One of the things UI engineers are likely to be asked to do is some sort of one-way binding. The argument typically goes something like this...

Product Owner
We want this to be dynamic.
Engineer 1
All the browser is doing is showing what the server gives it, so the server needs to deliver the information to the browser.
Engineer 2
The server can't send <that information> to the browser because <reasons>, but the browser already has it, so just send back a template that's populated with the data.
Engineer 1
Data bindings are expensive, I don't think that's a good idea.
Engineer 2
<insert your favorite JS framework> does it, so it's OK.
Product Owner
I don't care how it's done, it just needs to be done.

Having had this conversation in nearly every role I've been engaged in over the last decade (more really), I can tell you there are good arguments on both sides because I've made those arguments (on both sides) depending on the specifics of the case.

While I won't reveal what I believe the deciding factors to be - there are just too many variables to make such a generalization - I can reveal a relatively easy way of getting at least some of the functionality...and I'll do it using a real-life case from my experience from nearly a decade ago.

The Case

In order to reduce the number of pages in a process, it was decided that we would do an AJAX call when the user clicked the submit button on page one. The response to that request would be the next page, minus all the extraneous stuff like headers and footers - it would be just the next page in the form. Because of the nature of the application - it involved sensitive information - there were significant restrictions on what information could be stored, and how it could be stored, on the server. There were also performance concerns that limited the amount of information going back and forth in requests and responses.

The Solution

In our case, we simply had to perform some sort of data binding. We agreed, however, that it would be a simple replacement of identified variables - no complex rules governing how variables might be combined, in fact, no business logic at all. This single use, one-way binding - something like the :: in Angular - allowed us to meet the security requirements while also maintaining our payload and performance budgets.

The challenge in this was making something general enough that it could handle any variable efficiently rather than be a string of replace commands. We were able to overcome this by using a feature of the JavaScript replace method that gets little attention - the ability to pass in a function in place of the substitution string.

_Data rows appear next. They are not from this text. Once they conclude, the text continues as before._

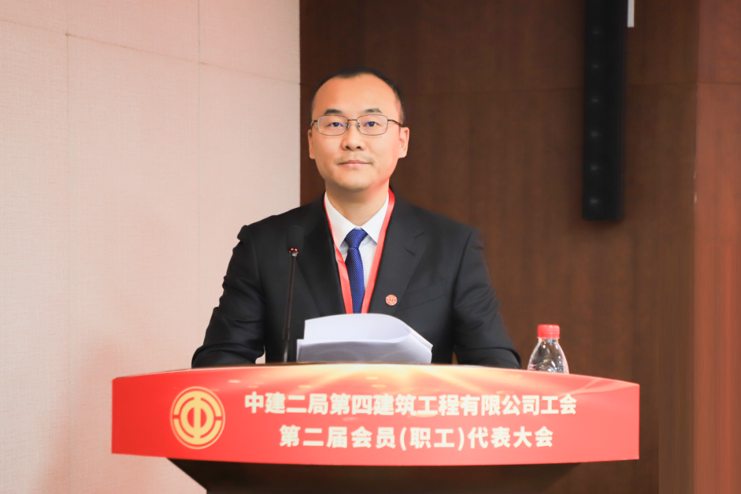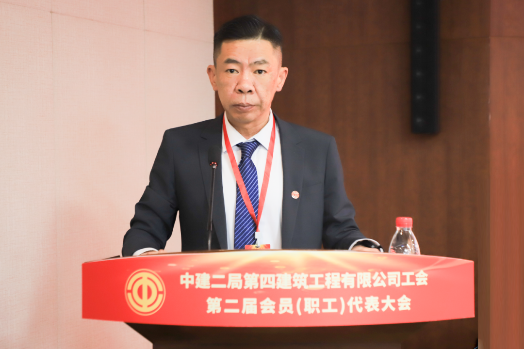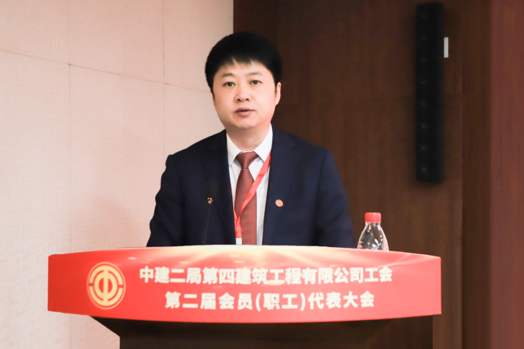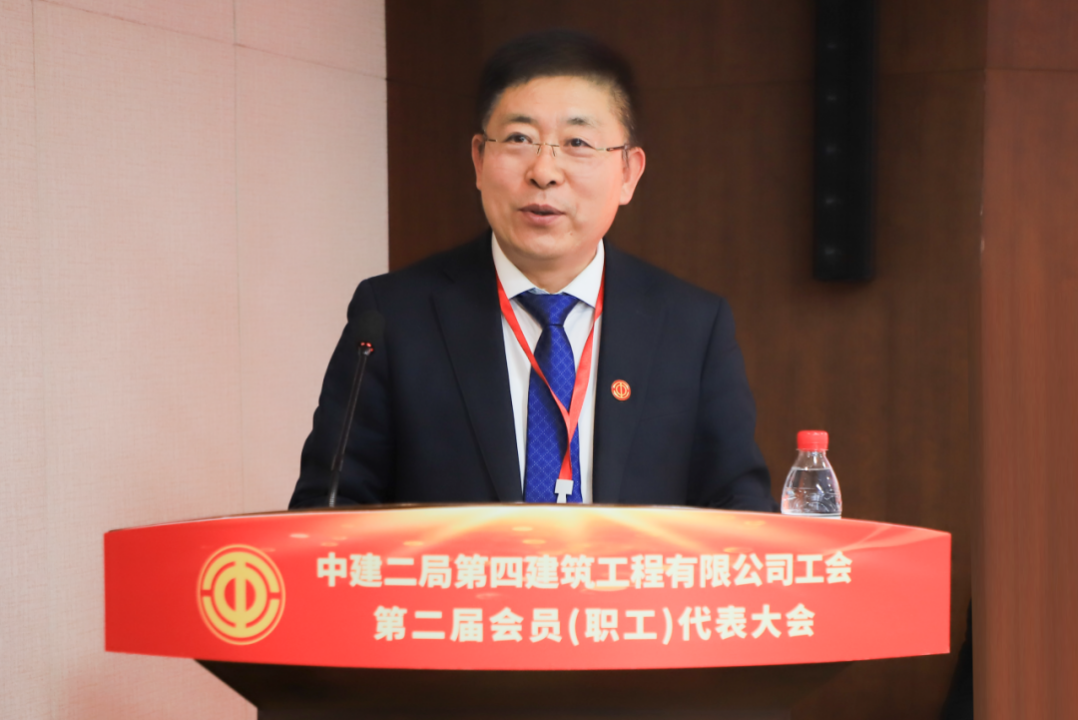 杜建波代表中建二局工會向大會的召開予以祝賀。他表示,四公司工會堅持以習近平新時代中國特色社會主義思想為指導,深入學習貫徹習近平總書記重要講話和指示批示精神,始終堅持融入中心、服務大局,在工會系統(tǒng)多個領域起到示范帶頭作用。四公司工會和廣大工會干部要不忘初心、牢記使命,強化思想政治引領,持續(xù)深化中國工會十八大精神的實踐運用,把牢工會工作正確方向。深刻把握工會組織在黨和國家工作大局中的使命任務,緊密圍繞國家重大戰(zhàn)略、重大工程、重大項目、重點產(chǎn)業(yè),聚焦局“高品質(zhì)履約年”各項目標任務,履行央企社會責任,深化產(chǎn)業(yè)工人隊伍建設改革,堅持服務職工為本,滿足職工群眾對美好生活的需要,提升廣大職工幸福指數(shù),提高工會工作能力和水平。
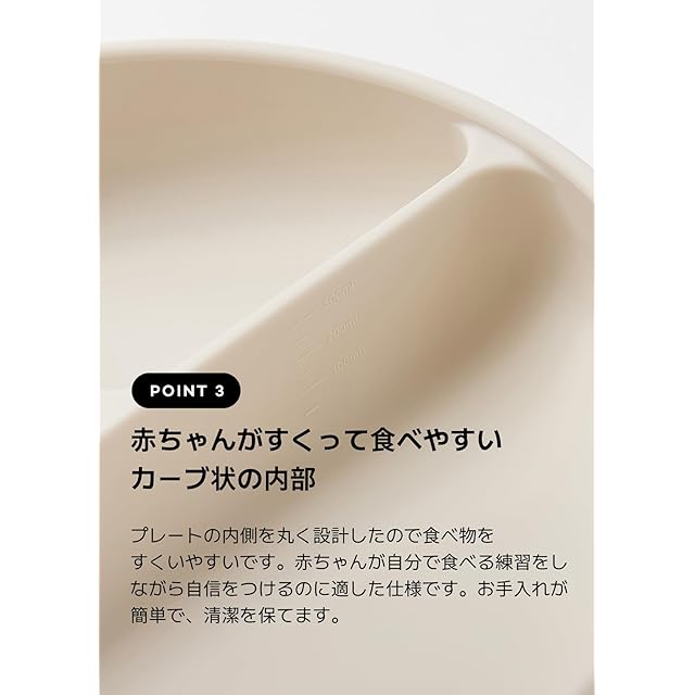 【マジックカーブ】ボウルは片面の壁が高いカーブに設計されていて 赤ちゃん一人で「マジックカーブ」に沿ってスプーンを持ち上げると、ちょうどいい一口サイズの量になります。
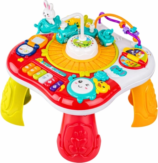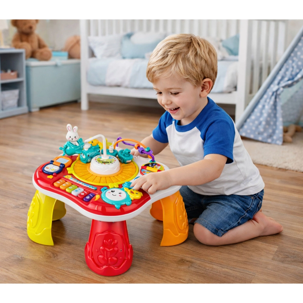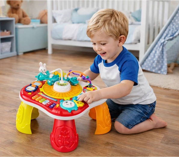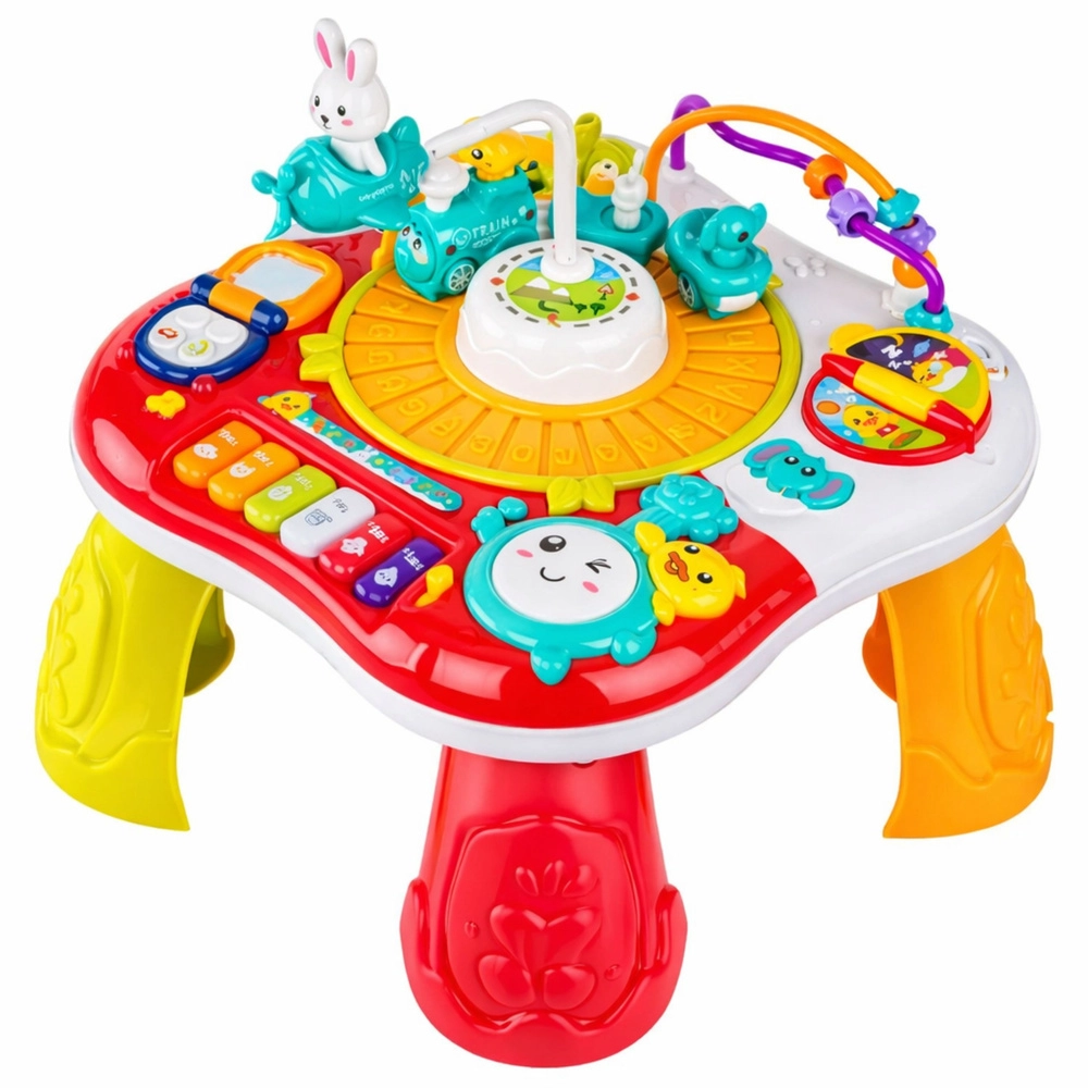 Interaktívny vzdelávací stolík 2v1 je skvelá voľba na rozvoj zmyslov a zručností detí. Ponúka pianínko s melódiami, svetelné a zvukové efekty, imitáciu telefónu, otočné kolieska a ozubené kolá aj pohyblivého zajačika, ktorý púta pozornosť. Vďaka odnímateľným nohám ho ľahko premeníte na plochý vzdelávací panel – ideálny pre rôzne vekové fázy.
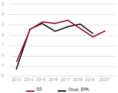 Fig. 4/ Empleo, España. Variaciones anuales del empleo, según la EPA y según la Afiliación a la Seguridad social, 2013-2020 (previsión) (%). Datos a fin de año.
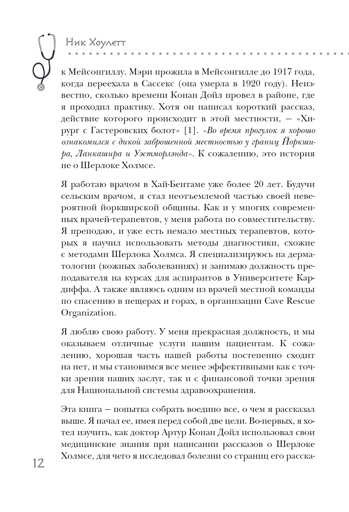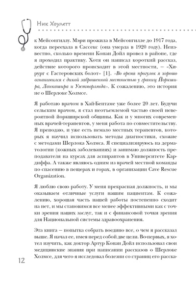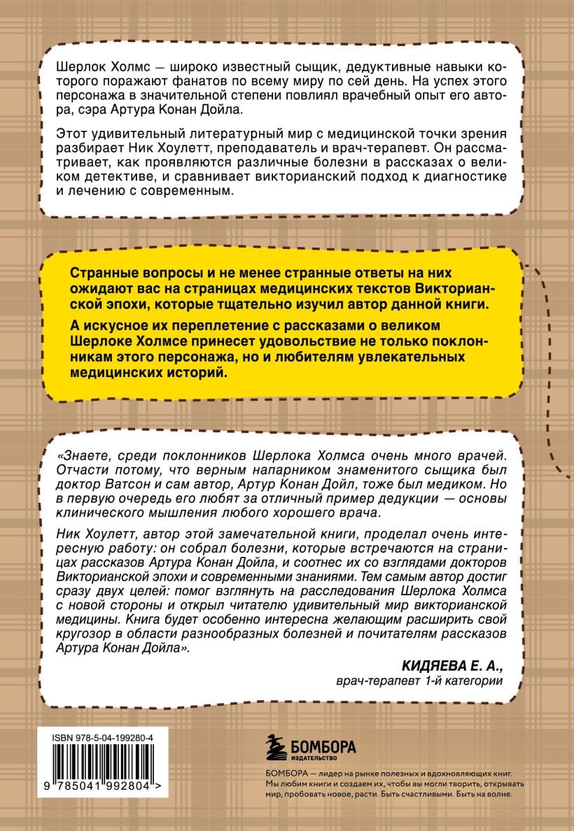 Ангина, астма, депрессия — довольно распространенные в современном мире болезни. А что насчет ихтиоза, апоплексии или люмбаго? Со всеми этими заболеваниями сталкивался не кто иной, как всемирно известный и всеми любимый детектив Шерлок Холмс. При написании великих произведений Сэр Артур Конан Дойл использовал свой реальный врачебный опыт, который он передал обитателю квартиры на Бейкер-стрит. А Ник Хоулетт, врач-терапевт, выросший на рассказах о великом сыщике и вдохновленный карьерой известного писателя, смог составить обширный список из 50 недугов, упомянутых в произведениях английского писателя.
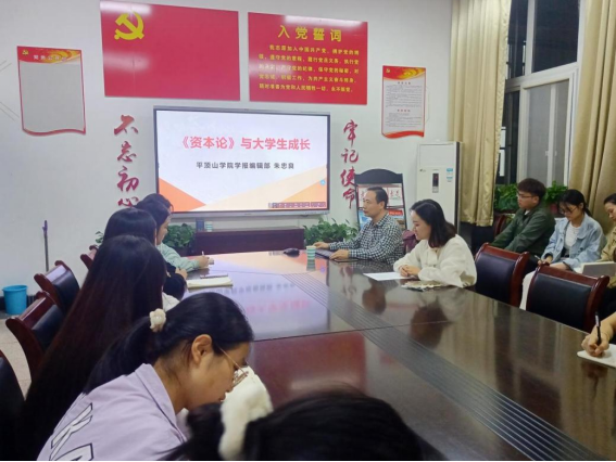 为进一步加强马克思主义理论的学习与研究,进一步夯实马克思主义学习小组成员的理论基础,10月31日晚,yl23411永利集团官网登录马克思主义学习小组举办了理论学习活动,yl23411永利集团学报编辑、马克思主义学院教师朱忠良作了题为“《资本论》与大学生成长”的专题讲座,小组全体成员参与讲座。
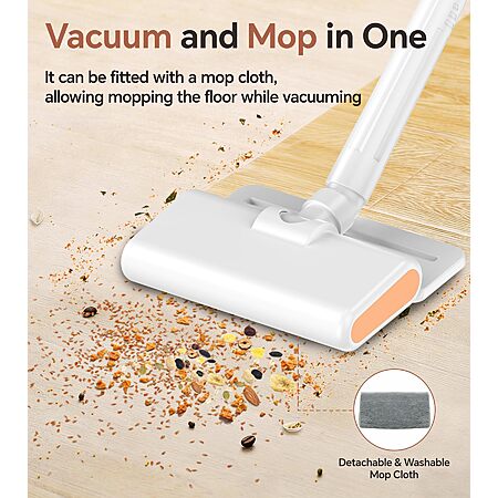 【Vacuum and Mop in One】The bottom of the cordless vacuum cleaner is fitted with an innovative fiber mopping cloth with super strong water absorption capacity. While vacuuming, this stick vacuum can mop the floor simultaneously, removing hair and stains from floor surfaces in one go, to achieve double cleaning and save both time and effort.
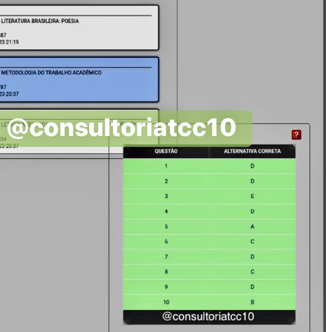<p>LITERATURA BRASILEIRA: POESIA 87 METODOLOGIA DO TRABALHO 87 20:37 LE7 @consultoriatcc10 ? 34 23 20:37 QUESTÃO ALTERNATIVA CORRETA 1 D 2 D 3 E 4 D 5 A 6 C 7 D 8 C 9 D 10 B @consultoriatcc10</p><p>Questões de múltipla escolha Disciplina: 538730 METODOLOGIA DO TRABALHO ACADÊMICO Questão 1: Em seu trabalho, o aluno Bastos Ferreira incluiu a citação a seguir: "Em relação à teoria politica, qual a natureza do Estado moderno segundo o Novo Desenvolvimentismo? Nos ricos, ele começou transformou-se no Estado liberal e no Estado liberal-democrático, à medida que seus povos conquistavam direito ao sufrágio Um pouco com a pressão popular por menor mudou novamente, transformando-se no Estado social" Segundo a norma ABNT: A) texto e a ideia são de autoria de Bastos Ferreira, autor citado por Bresser-Pereira B) Apenas a ideia é de sendo texto de autoria de Bastos C) Apenas o texto é de sendo a ideia de autoria de Bastos D) texto e a ideia são de Bresser-Pereira, autor citado por Bastos E) Segundo as normas disponibilizadas pela não há como identificar autor da ideia, tampouco do texto citado por Bastos Questão 2: No texto abaixo, a ABNT (Associação Brasileira de Normas Técnicas) explica processos de elaboração de normas técnicas. o processo de elaboração de um Documento Técnico ABNT é iniciado a partir de uma que pode ser apresentada por qualquer pessoa, empresa, entidade ou organismo que estejam envolvidos com @consultoriatcc10 assunto a ser A pertinência da demanda é analisada pela ABNT sendo assunto é levado ao Comitê Técnico correspondente para inserção em seu Programa de Normalização Setorial (PNS). Caso não exista Técnico relacionado ao assunto, a ABNT propõe a criação de um novo que pode ser um Brasileiro um Organismo de Normalização Setorial (ABNT/ONS) ou uma Comissão de Estudo Especial assunto é discutido amplamente pelas Comissões de Estudo, com a participação aberta a qualquer independentemente de ser ou não associado à ABNT, até atingir gerando então um Projeto de Norma em: 3 Quando do contexto do trabalho e com base no texto acima, podemos afirmar que: As regras da ABNT para a elaboração de trabalhos acadêmicos existem em função de demandas existentes na comunidade em relação às formas de realização e publicação de textos acadêmicos. As regras da ABNT para a realização e publicação de textos acadêmicos são fruto de debates e consultas à comunidade de forma geral, e são definidas a partir do consenso entre os III. As regras para a inclusão de normas a respeito do trabalho acadêmico são bastando que, para sua vigência, seja realizado um requerimento formal a qualquer instituição ou organismo de normalização. correto apenas o que se afirma em: A) B) C) III. @consultoriatcc10 D) E) Questão 3: Leia texto a seguir: São cada vez mais comuns a desconfiança e o desprezo pelo pensamento cientifico. A proliferação de teorias conspiratórias e o negacionismo em relação a temas como a eficiência das vacinas, a origem do a forma da Terra, a evolução das espécies ou o aquecimento global são exemplos de como, em alguns grupos, as crenças e pessoais passam a ter mais importância que as evidências apresentadas pelos o recente movimento global "anticiência" tenta colocar a ciência em A ciência também é vitima das fake informações falsas divulgadas como se fossem falsas sempre Mas com a elas passaram a ser uma ritmo e escala nunca antes visto. Plataformas como Twitter e WhatsApp favorecem a replicação de boatos e Disponível Acesso em: 3 ago. Segundo texto: As plataformas digitais sido responsáveis pela desmistificação da ciência e da comunidade cientifica, movimento que enriquece debate com novas evidências e com a defesa de novos protagonistas no desenvolvimento de A pressão de determinados grupos sociais tem agido no sentido de desacreditar a ciência, ignorando evidências e resultados aceitos de forma consensual pela comunidade III. As plataformas digitais têm sido utilizadas pelos grupos que pretendem desacreditar a ciência, funcionando como veículo para a disseminação de boatos e Está correto apenas que se afirma em: A) III. B) C) D) @consultoriatcc10 E)</p><p>Questão tests Publicado no em 14 de fevereiro de 2017 A Rede de Pesquisa Empirica em Direito (REED) associação civil que pesquisadoras # pesquisadores em de todo o de seu dever de promover as melhores em diante debate público recente sobre uso de de decisões não protegidos por direito autoral a manifestar nos seguintes termos 1. A integral dos na pesquisa redação cientificas e fundamental à qualidade reputação da academia Alunas alunos de direito de aprendem 01 da em cursos de graduação e tendo dever de plágio uma violação de o uso de # trases de terceiros deve indicado com precisão na parte textual de um indispensável para que leitor possa distinguir o pensamento do autor do texto que venha de outras A entrada lista de não supre este o autor da forma de expressão da ideia alheia imperioso que assim indique por meio de pelo alargamento da margem a depender da do trecho not termos da Norma Brasileira de Referência (NBR) da Associação Brasileira de Normas (ABNT) Tal largamente conhecida facilmente em de todo 4 Enquanto violação não se restringe às que tambéen possa ser como violação ao direito autoral na quer criminal indevidamente do tests de quaisquer registros tais como decisões judiciais ou documentos configura mesmo quando constitua violação ao direito autoral Trata se de prática ao confundir pela ou com objeto de $ Deve-se reconhecer que organização do trabalho atualmente vigente na redação na prática do direito gerando condições disseminação do mas essa realidade não autoriza sua que deve ser combatida por todos profissionais o em face da autora ou do autor do texto por deixar de reconhecer the trabalho E eticamente em face do por the do de saber com precisão a autoria daqui
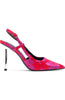 Jacquard fabric amplifies the glamorous appeal of a soirée-ready slingback pump framed by a pointy toe and stiletto heel.

When a function is passed to the replace method, the match of the regular expression (passed as the first argument in the call) is passed into the function. This allows the engineer to write a regular expression in which a key is wrapped in delimiters, passing the key into the substitution function. Once the substitution function has the key, it's a fairly simple matter of retrieving the variable from the dataset and returning it to the replace function where it's substituted for the original match.

This, of course, was all codified into a small library that looked something like this...
JavaScript
/** * @author H Robert King * @returns {object} * @param {object} config */ function PreProcessor(config) {   /**    * @property delimiters    * @description The start and stop delimiters identifying data elements. Strings are in    * Regular Expression format. Defaults to '<data>' and '<\\/data>'.    * @type {string[]}    */   this.delimiters = {    start: '<data>',    stop: '<\\/data>',   };   /**    * @method setData    * @description Sets the datastore    * @returns {undefined}    * @param {object} data    */   this.setData = function(data) {    dataset = data;   };   /**    * @method parse    * @description Parses a string, replacing data elements with values from the datastore    * @returns {string}    * @param {string} toParse    */   this.parse = function(toParse) {    var keys = Object.keys(dataset);    var parsed = toParse;    var property = '[."\'\\w\\s-_[\\]]+';    var match = new RegExp('(' + this.delimiters.start +    property +    this.delimiters.stop + ')', 'g');    var keyExp = new RegExp(this.delimiters.start +    '(' + property + ')' +    this.delimiters.stop);    if (keys.length) {    /* do the replace */    parsed = parsed.replace(match, function(element) {    var key = keyExp.exec(element)[1];    var path = key.split('.');    var val = dataset;    for (var i = 0; i < path.length; i += 1) {    var isElement = /([^[]+)\[["']?([\w\s-_]+)["']?\]/.exec(path[i]);    if (isElement) {    val = val[isElement[1]][isElement[2]];    } else {    val = val[path[i]];    }    }    return val;    });    }    return parsed;   };   var dataset = config.data;   this.delimiters = config.delimiters || this.delimiters;   return this; }


...and was called like this...
JavaScript
/* Set up the dataset */ var data = {   arr: {     values: [       { text: 'zero' },       { text: 'one' },       { text: 'two' },     ],   },   foo: {     value: 'the foo string',   },   bar: {     str: {       label: 'the bar string',     },   },   situation: 'snafu', }; data.hash = []; data.hash['one'] = { text: 'one' }; data.hash['two'] = { text: 'two' }; /* Create the preprocessor */ var preprocess = new PreProcessor({ data }); /* call the preprocessor */ var show = preprocess.parse('the value of array[1].text is   <data>arr.values[1].text</data>\n   the value of hash["one"].text is <data>hash["one"].text</data>\n   the value of foo is <data>foo.value</data>\n   the value of bar is <data>bar.str.label</data>\n   the value of situation is <data>situation</data>');


While I won't say that this comes up often - it's only come up once or twice at each of my gigs over the last 10 or 15 years - it does reappear with some regularity, so hopefully this is of some help to you when you're asked to do this sort of templating. As always, feel free to take the code and reuse or rework it - the same license is offered here as on my github account - which is basically do what you want with it. As always, I'd appreciate a shout out if you reuse it, but that's not a license requirement.

Happy coding.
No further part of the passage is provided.